*Dataset excerpts*
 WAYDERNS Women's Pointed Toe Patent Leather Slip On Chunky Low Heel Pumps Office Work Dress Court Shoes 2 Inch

...

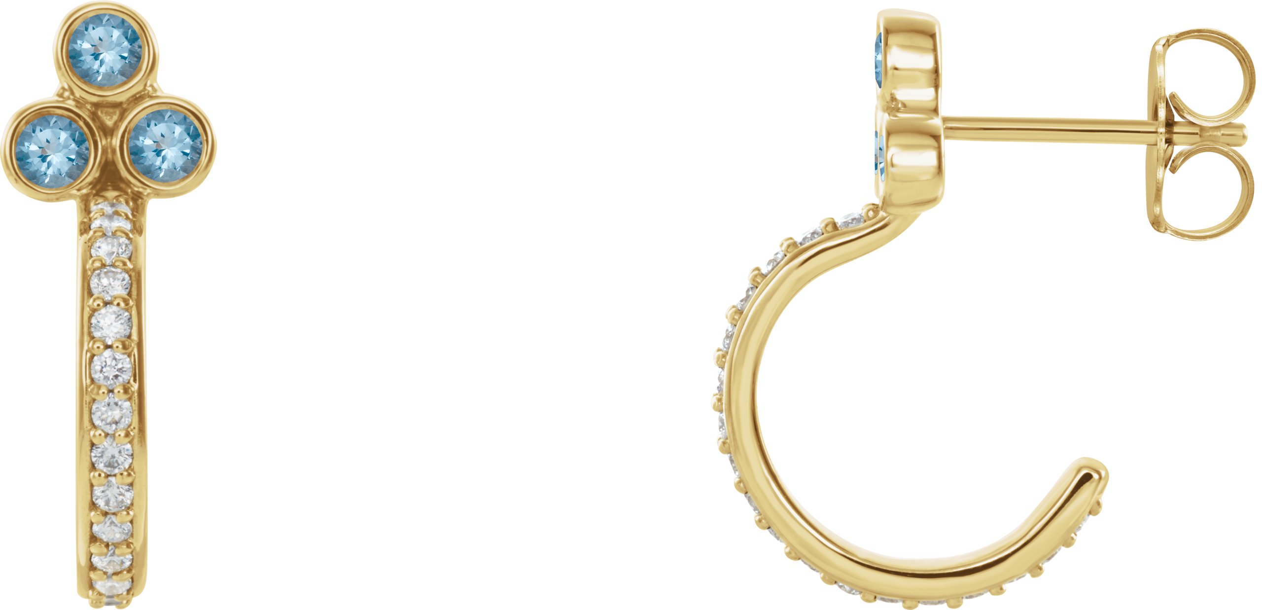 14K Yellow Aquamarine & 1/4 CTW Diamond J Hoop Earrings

...

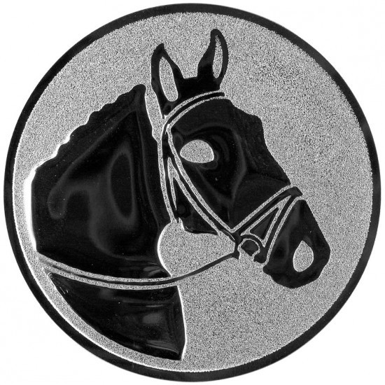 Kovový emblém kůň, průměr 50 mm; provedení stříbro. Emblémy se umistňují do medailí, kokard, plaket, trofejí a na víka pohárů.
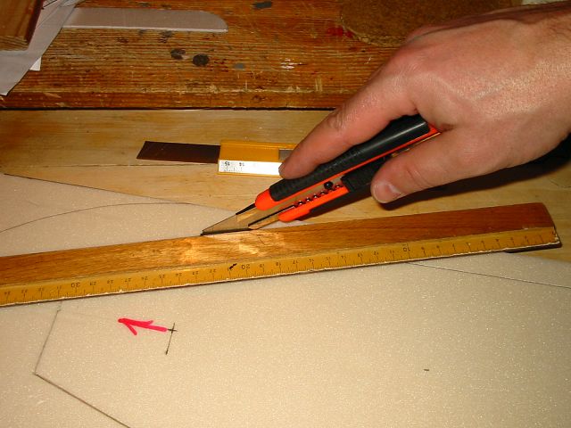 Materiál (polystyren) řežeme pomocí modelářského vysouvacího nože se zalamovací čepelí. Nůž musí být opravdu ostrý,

*Task requirements*
Transcribe, word for word, the lines of the listing above from the one that contains "Kovový emblém kůň, průměr" through the one that contains "Materiál (polystyren) řežeme", keeping both ends and dropping the pictures.

*Answer section*
 Kovový emblém kůň, průměr 50 mm; provedení stříbro. Emblémy se umistňují do medailí, kokard, plaket, trofejí a na víka pohárů.
 Materiál (polystyren) řežeme pomocí modelářského vysouvacího nože se zalamovací čepelí. Nůž musí být opravdu ostrý,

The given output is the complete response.